- Opening Delimiter -

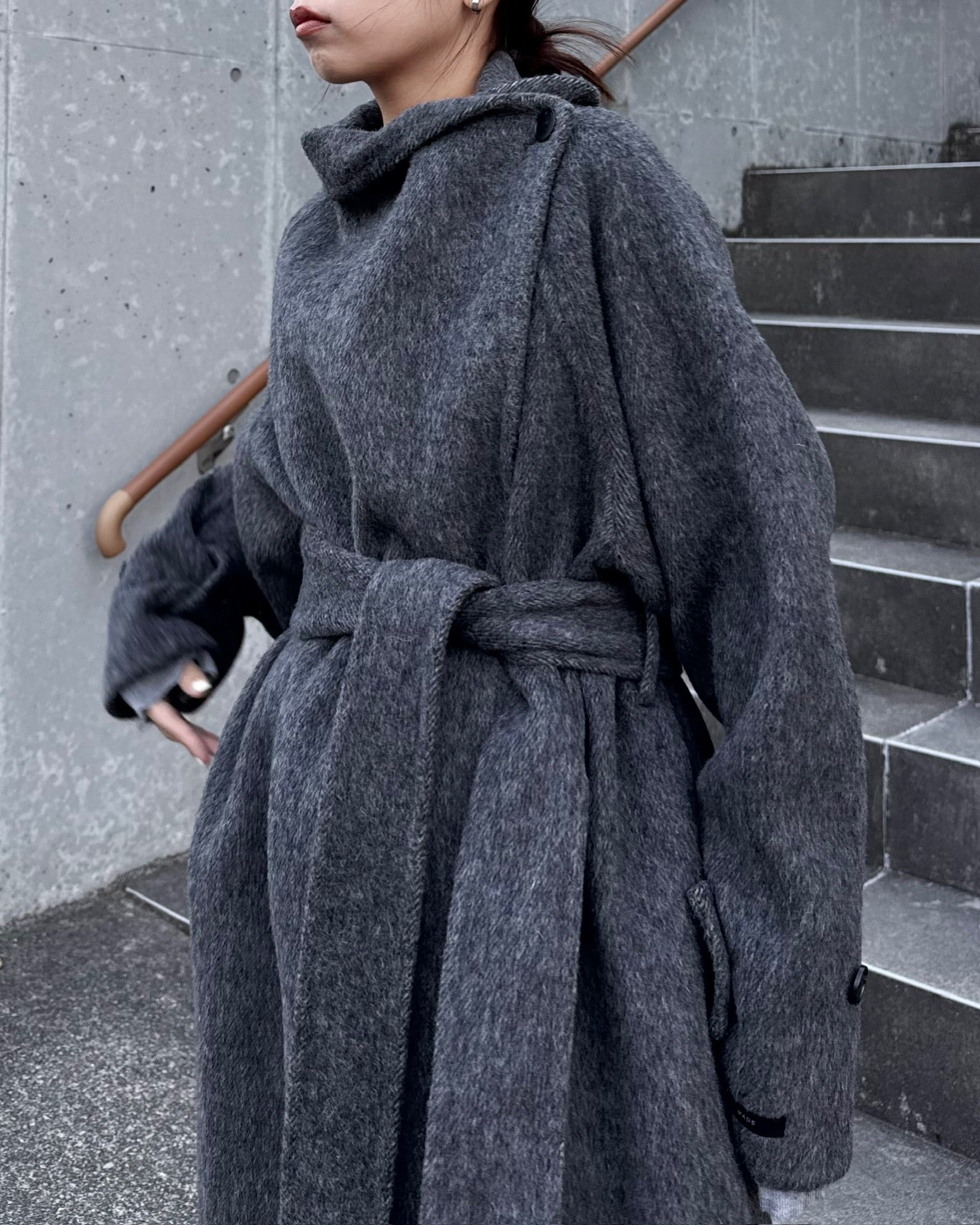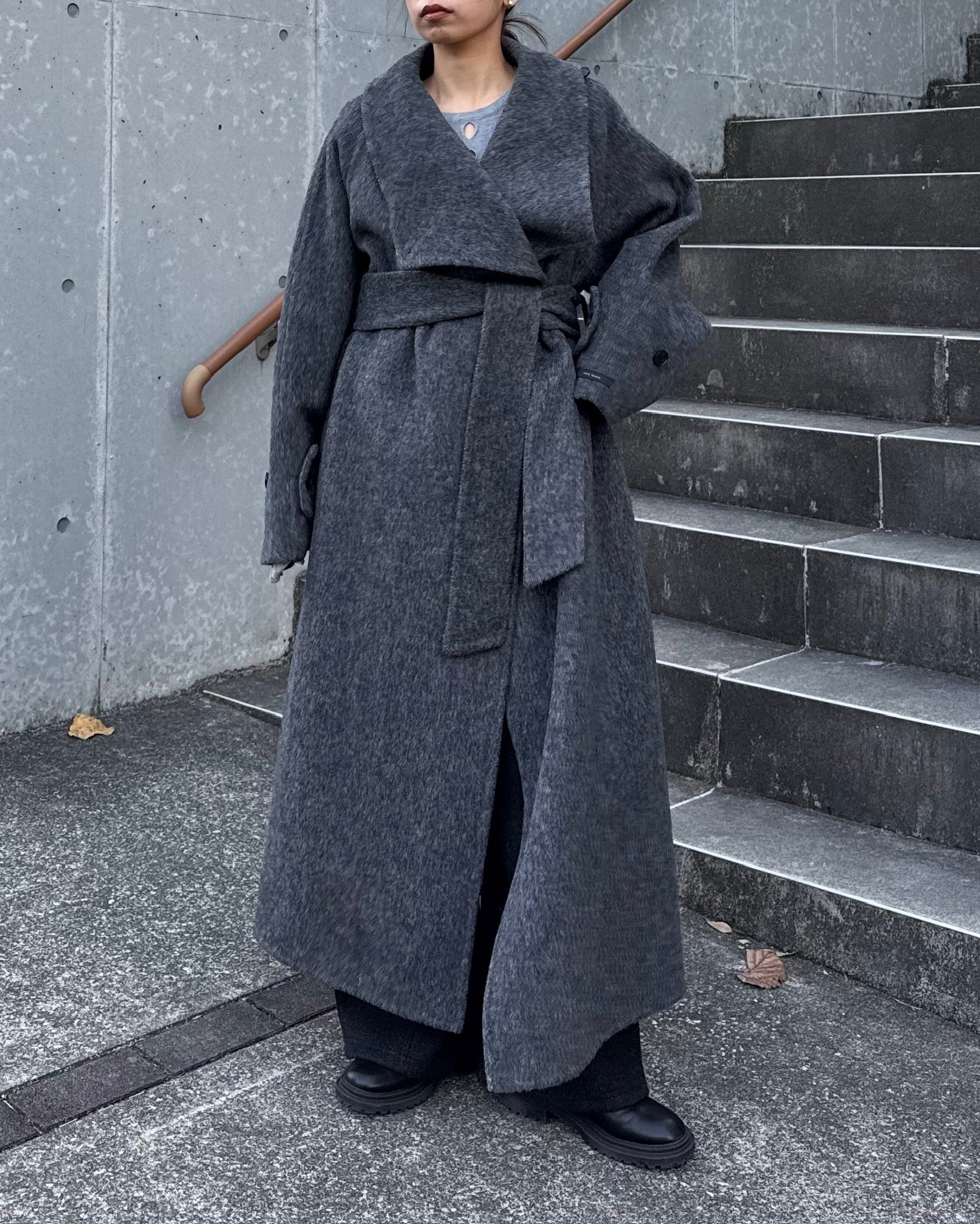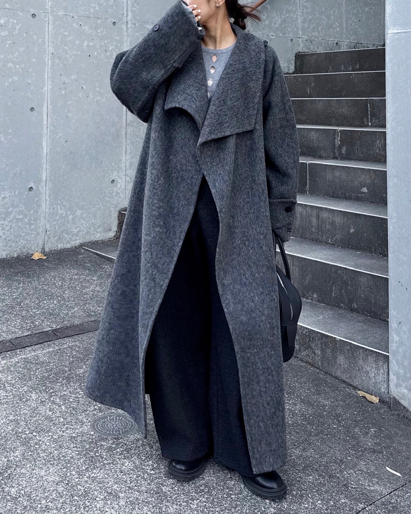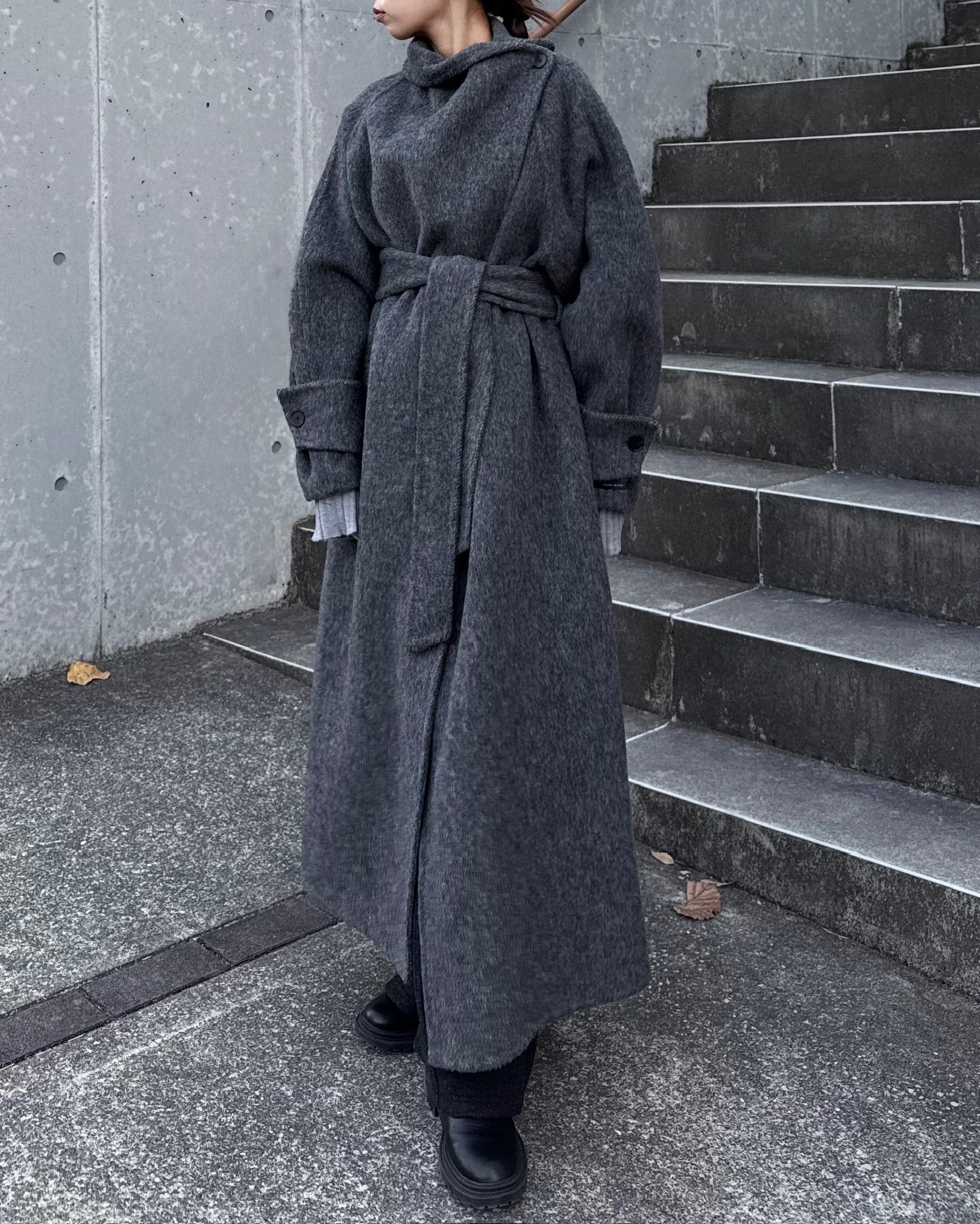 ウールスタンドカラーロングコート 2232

- Closing Delimiter -
- Opening Delimiter -

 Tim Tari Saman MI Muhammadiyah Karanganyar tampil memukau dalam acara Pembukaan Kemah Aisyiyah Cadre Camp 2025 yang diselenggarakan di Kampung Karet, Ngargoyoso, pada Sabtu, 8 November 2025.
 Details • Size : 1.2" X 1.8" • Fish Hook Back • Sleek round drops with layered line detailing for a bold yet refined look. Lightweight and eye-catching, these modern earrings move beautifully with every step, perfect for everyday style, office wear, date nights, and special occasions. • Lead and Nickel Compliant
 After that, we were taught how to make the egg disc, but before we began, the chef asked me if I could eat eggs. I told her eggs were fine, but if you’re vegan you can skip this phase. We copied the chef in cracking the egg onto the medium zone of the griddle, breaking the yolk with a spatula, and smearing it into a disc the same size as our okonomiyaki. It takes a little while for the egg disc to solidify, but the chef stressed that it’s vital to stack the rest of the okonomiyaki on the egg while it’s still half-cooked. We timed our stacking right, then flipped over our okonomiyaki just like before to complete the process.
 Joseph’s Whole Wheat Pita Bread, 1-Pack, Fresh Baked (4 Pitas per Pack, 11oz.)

- Closing Delimiter -
- Opening Delimiter -

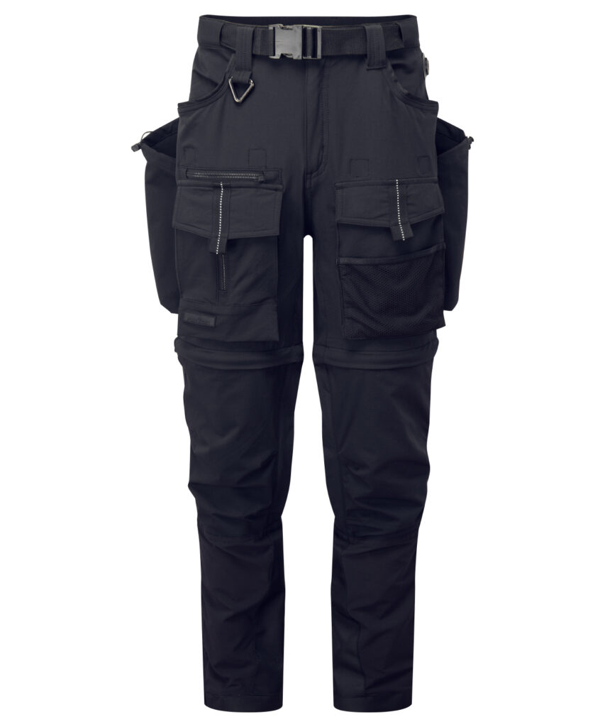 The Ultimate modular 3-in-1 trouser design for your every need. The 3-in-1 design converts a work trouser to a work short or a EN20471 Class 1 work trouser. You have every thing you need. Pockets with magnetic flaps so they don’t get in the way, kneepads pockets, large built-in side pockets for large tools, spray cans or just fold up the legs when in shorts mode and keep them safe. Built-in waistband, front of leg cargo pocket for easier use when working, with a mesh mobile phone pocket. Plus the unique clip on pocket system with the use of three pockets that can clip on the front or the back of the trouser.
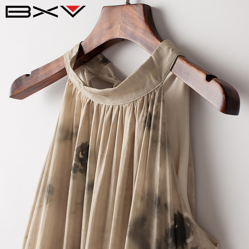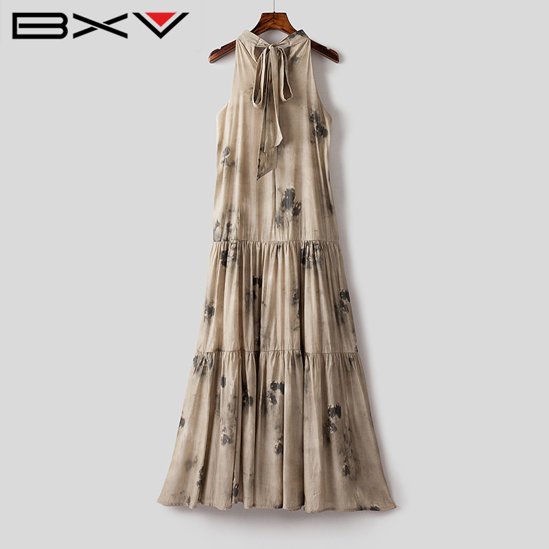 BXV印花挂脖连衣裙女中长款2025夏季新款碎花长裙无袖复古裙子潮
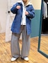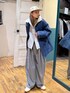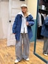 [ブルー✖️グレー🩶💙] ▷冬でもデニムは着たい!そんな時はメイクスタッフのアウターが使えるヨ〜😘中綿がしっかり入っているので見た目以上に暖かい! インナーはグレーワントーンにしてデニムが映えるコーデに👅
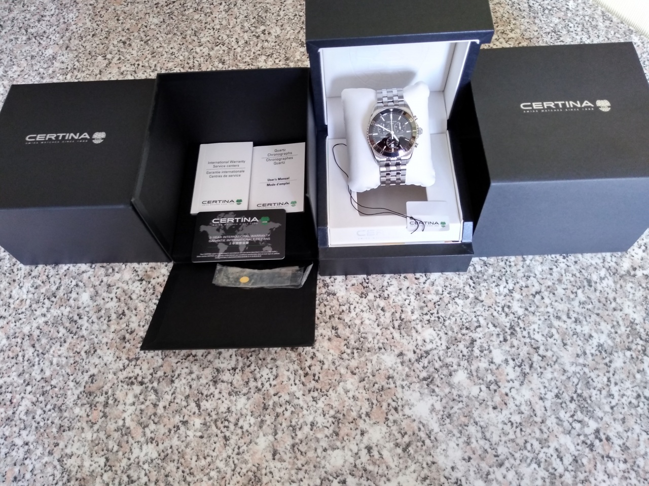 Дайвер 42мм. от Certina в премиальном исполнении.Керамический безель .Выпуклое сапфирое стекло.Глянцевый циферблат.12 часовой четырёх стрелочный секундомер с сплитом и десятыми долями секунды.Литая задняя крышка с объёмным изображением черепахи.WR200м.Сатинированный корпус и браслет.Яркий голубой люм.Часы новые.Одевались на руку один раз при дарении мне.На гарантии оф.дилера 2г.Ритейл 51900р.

- Closing Delimiter -

:: Your assignment ::
From the line with "BXV印花挂脖连衣裙女中长款2025夏季新款碎花长裙无袖复古裙子潮" up to and including the line with "Дайвер 42мм. от" above, retype every line exactly and nothing more; leave out the pictures.

:: Written solution ::
 BXV印花挂脖连衣裙女中长款2025夏季新款碎花长裙无袖复古裙子潮
 [ブルー✖️グレー🩶💙] ▷冬でもデニムは着たい!そんな時はメイクスタッフのアウターが使えるヨ〜😘中綿がしっかり入っているので見た目以上に暖かい! インナーはグレーワントーンにしてデニムが映えるコーデに👅
 Дайвер 42мм. от Certina в премиальном исполнении.Керамический безель .Выпуклое сапфирое стекло.Глянцевый циферблат.12 часовой четырёх стрелочный секундомер с сплитом и десятыми долями секунды.Литая задняя крышка с объёмным изображением черепахи.WR200м.Сатинированный корпус и браслет.Яркий голубой люм.Часы новые.Одевались на руку один раз при дарении мне.На гарантии оф.дилера 2г.Ритейл 51900р.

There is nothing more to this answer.